- The Washington Times - Saturday, June 27, 2020

Princeton University announced Saturday it is removing former U.S. President Woodrow Wilson’s name from the Ivy League institution’s public policy school and residential college.

“We have taken this extraordinary step because we believe that Wilson’s racist thinking and policies make him an inappropriate namesake for a school whose scholars, students and alumni must be firmly committed to combatting the scourge of racism in all its forms,” Princeton’s Board of Trustees said in a statement.

Princeton’s board said its members voted to change the names Friday amid calls to cut ties with Wilson, an alumnus who served as the school’s president prior to becoming the nation’s 28th in 1913.

The Woodrow Wilson School of Public and International Affairs has been renamed the Princeton School of Public and International Affairs, and the set-to-be-shuttered Wilson College will now be known as First College. Both buildings are located on the university’s campus in Princeton, New Jersey.

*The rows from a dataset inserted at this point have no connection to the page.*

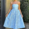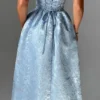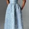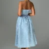Designed to be your go-to dress year-round, the Sienna Midi Dress is crafted from our most exquisite floral jacquard fabric. Its midi length and super full skirt, lined with tulle for added volume, create a striking silhouette. The strapless style features boning in the bodice for a cinched waist, along with pleating and gathered detailing for a touch of elegance. Complete with a lace-up back, this dress is perfect for any occasion. Pair it with pointed heels and an updo for a chic look that’s sure to turn heads.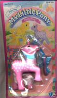 So, the answer to the puzzle seems to be simple. Since both she and I bought our ponies new in the same area of England at the same time, and we both bought them from English stores on English cards, both versions of Milky Way must have been sold in the UK. And to further back it up, I have since acquired my own loose Milky Way with white stars from a carboot sale over here.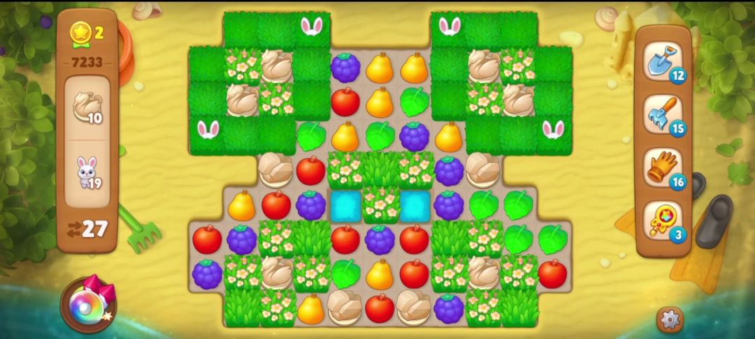 ①观察开局:天鹅雕像和小兔子都被草地围着,而天鹅雕像只能用道具才能清除,所以我们在清除草地的时候要尽可能多的制造道具,既能收集天鹅雕像也能攒能量凑双彩!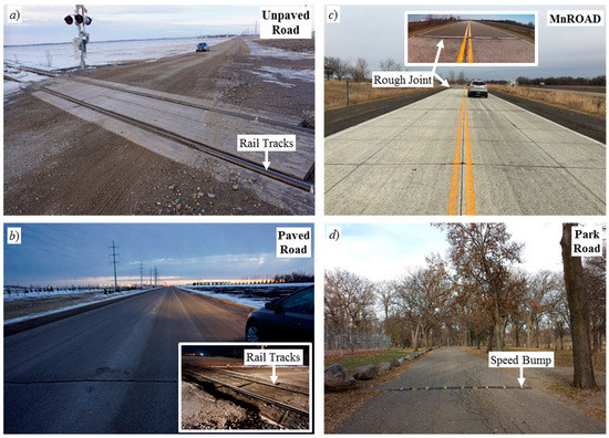 The isolated roughness generator produced a PIE that was easy to detect accurately within the accelerometer signal sample stream. Figure 3 shows the nature of each environment and their isolated roughness generators. Figure 3a,b shows the rail-grade crossings that generated the PIEs for the Unpaved Road and Paved Road traversals, respectively. The inset of Figure 3c displays the rough joint between the asphalt and concrete pavements that generated the PIEs of the MnROAD traversals. Figure 3d shows the speed bump that produced the PIEs of the Park Road traversals.

“Identifying a political leader as the namesake for a public policy school inevitably suggests that the honoree is a role model for those who study in the school,” Princeton’s board said in the statement. “We must therefore ask whether it is acceptable for this University’s school of public affairs to bear the name of a racist who segregated the nation’s civil service after it had been integrated for decades.”

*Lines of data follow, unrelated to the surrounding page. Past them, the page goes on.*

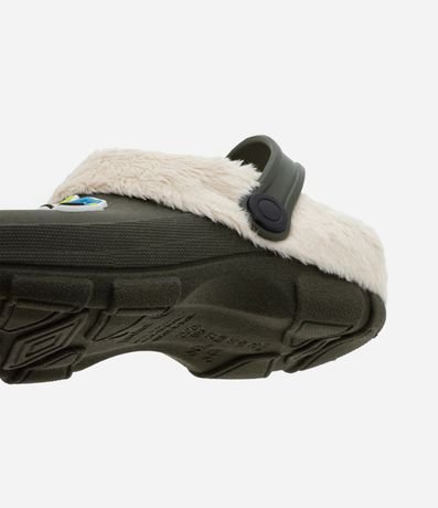 Sandália infantil estilo babuche confeccionada em PVC com interior forrado em pelinhos supermacios. Modelo fechado na frente com furos que garantem ventilação, tira traseira articulada e apliques divertidos no cabedal, criando visual lúdico e confortável para o dia a dia dos pequenos.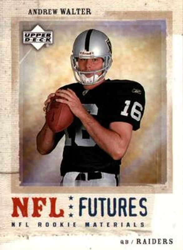 Andrew Walter's Football cards are available in at least 3 sets. Andrew Walter's biggest 7-day price movers are 2005 Upper Deck Rookie Materials #99 Base, 2005 Upper Deck Rookie Materials #R18 Rookie Jerseys, and 2005 Topps Heritage #57b Base.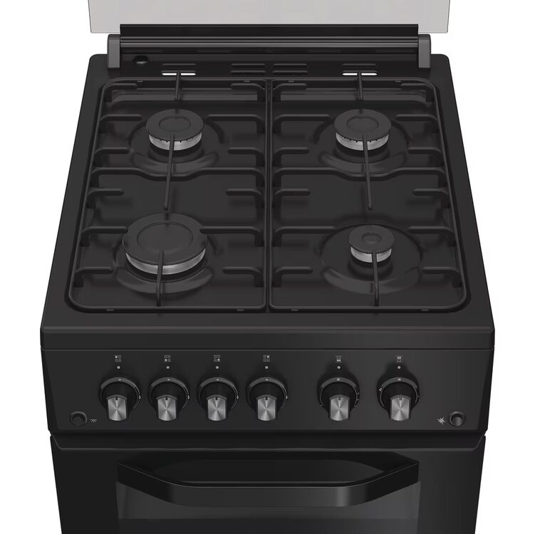 This Hotpoint freestanding 50x60 double cooker features: 4 gas burners. Black colour. Gas power supply. 50cm width.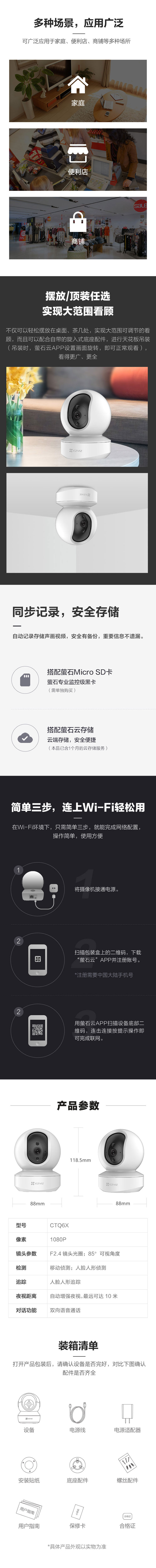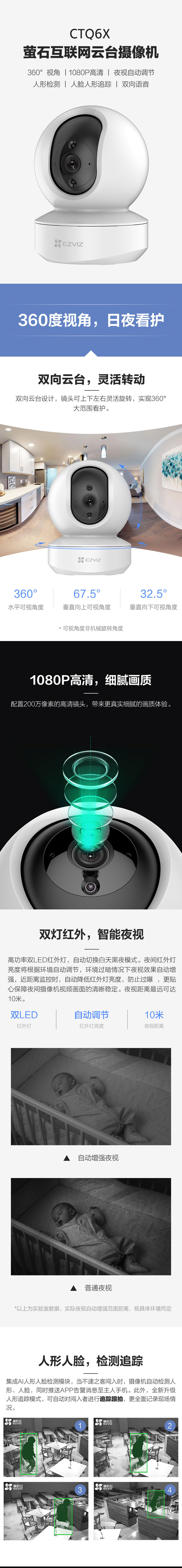 萤石EZVIZ室内云台200万像素安防监控摄像机CTQ6X(单位:台) 白色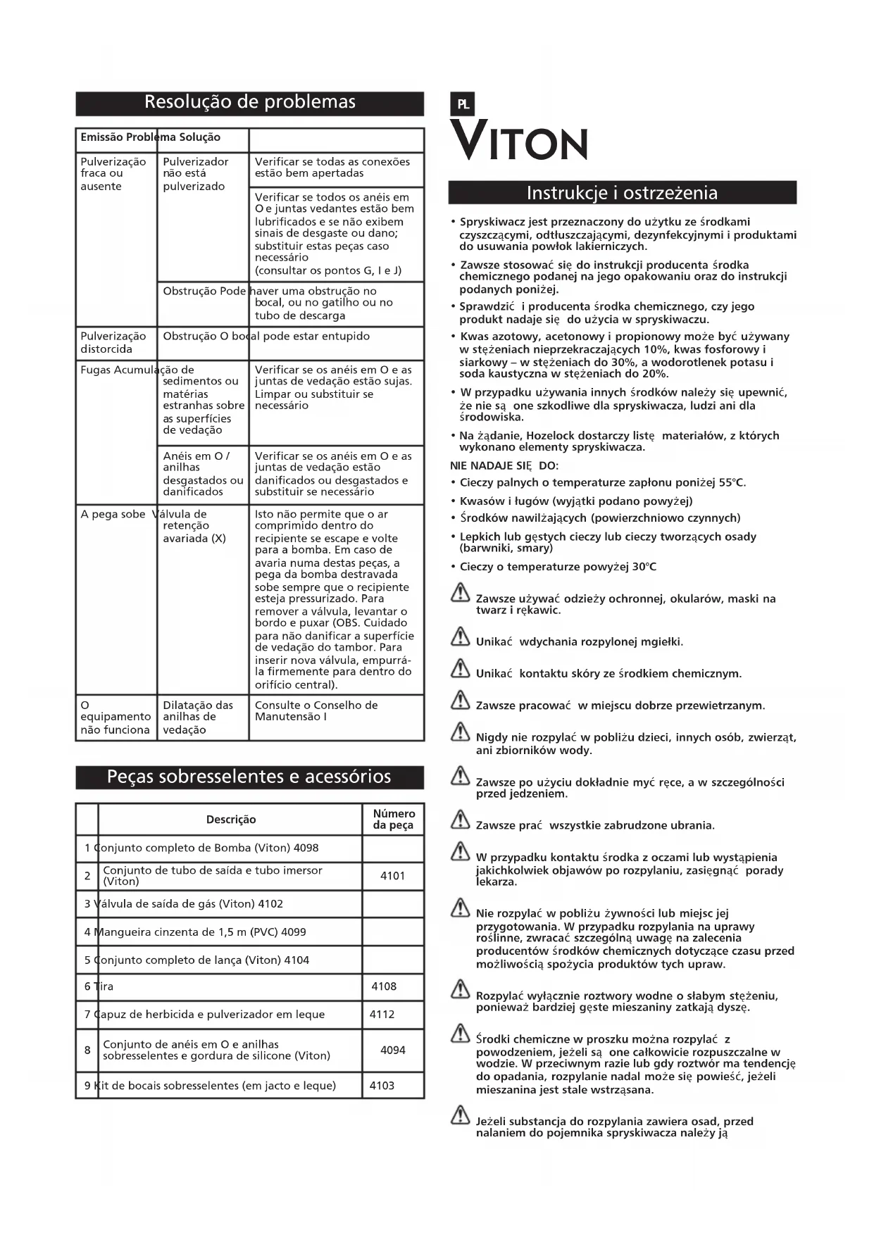 - Cieczy o temperaturze powyżej 30°C Zawsze używać odzieży ochronnej, okularów, maski na twarz i rękawic. Unikać wdychania rozpylonej mgiełki. Unikać kontaktu skóry ze środkiem chemicznym. Zawsze pracować w miejscu dobrze przewietrzanym. Nigdy nie rozpylać w pobliżu dzieci, innych osób, zwierząt, ani zbiorników wody. Zawsze po użyciu dokładnie myć ręce, a w szczególności przed jedzeniem. Zawsze prać wszystkie zabrudzone ubrania. W przypadku kontaktu środka z oczami lub wystąpienia jakichkolwiek objawów po rozpylaniu, zasięgnąć porady lekarza. Nie rozpylać w pobliżu żywności lub miejsc jej przygotowania. W przypadku rozpylania na uprawy roślinne, zwracać szczególną uwagę na zalecenia producentów środków chemicznych dotyczące czasu przed możliwością spożycia produktów tych upraw. Rozpylać wyłącznie roztwory wodne o słabym stężeniu, ponieważ bardziej gęste mieszaniny zatkają dyszę. Środki chemiczne w proszku można rozpylać z powodzeniem, jeżeli są one całkowicie rozpuszczalne w wodzie. W przeciwnym razie lub gdy roztwór ma tendencję do opadania, rozpylanie nadal może się powieść, jeżeli mieszanina jest stale wstrząsana. Jeżeli substancja do rozpylania zawiera osad, przed nalaniem do pojemnika spryskiwacza należy ją Peças sobresselentes e acessórios Resolução de problemas

Wilson, a Virginian, graduated from Princeton in 1879. He served as the school’s president and governor of New Jersey before entering the White House ahead of World War I erupting.

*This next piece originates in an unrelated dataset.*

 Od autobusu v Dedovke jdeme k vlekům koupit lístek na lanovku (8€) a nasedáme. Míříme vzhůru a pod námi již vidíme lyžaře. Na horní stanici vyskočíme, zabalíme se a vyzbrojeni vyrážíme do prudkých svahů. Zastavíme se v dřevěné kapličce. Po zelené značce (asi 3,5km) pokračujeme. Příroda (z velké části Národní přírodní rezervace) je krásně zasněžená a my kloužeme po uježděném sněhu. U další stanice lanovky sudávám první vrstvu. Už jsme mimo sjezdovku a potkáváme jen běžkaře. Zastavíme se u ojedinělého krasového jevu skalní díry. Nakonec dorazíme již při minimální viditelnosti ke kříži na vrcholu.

Elected to two terms as U.S. president, Wilson was criticized during and after his Democratic administration for pushing racist policies such as segregation of the federal government workforce. He also infamously held a screening at the White House for “Birth of a Nation,” a 1915 film glorifying the Ku Klux Klan, making it the first feature-length motion picture ever screened within the president’s residence. He is also quoted on text cards a few times in the silent film.

“Princeton is doing the right thing by firmly separating itself from the Woodrow Wilson legacy,” said Michael Beschloss, a presidential historian who has written about Wilson.

Princeton has faced heightened calls to ditch Wilson’s name since 2015, and the board said its decision was sparked in part by several recent incidents in which African Americans were killed by police officers.

“This question has been made more urgent by the recent killings of Breonna Taylor, Ahmaud Arbery, George Floyd and Rayshard Brooks, which have served as tragic reminders of the ongoing need for all of us to stand against racism and for equality and justice,” the board said. “Our commitment to those values must be clear and unequivocal. We believe that the continued use of Wilson’s name on a school of public affairs does not reflect those values and thereby impedes the School’s and the University’s capacity to pursue their missions.”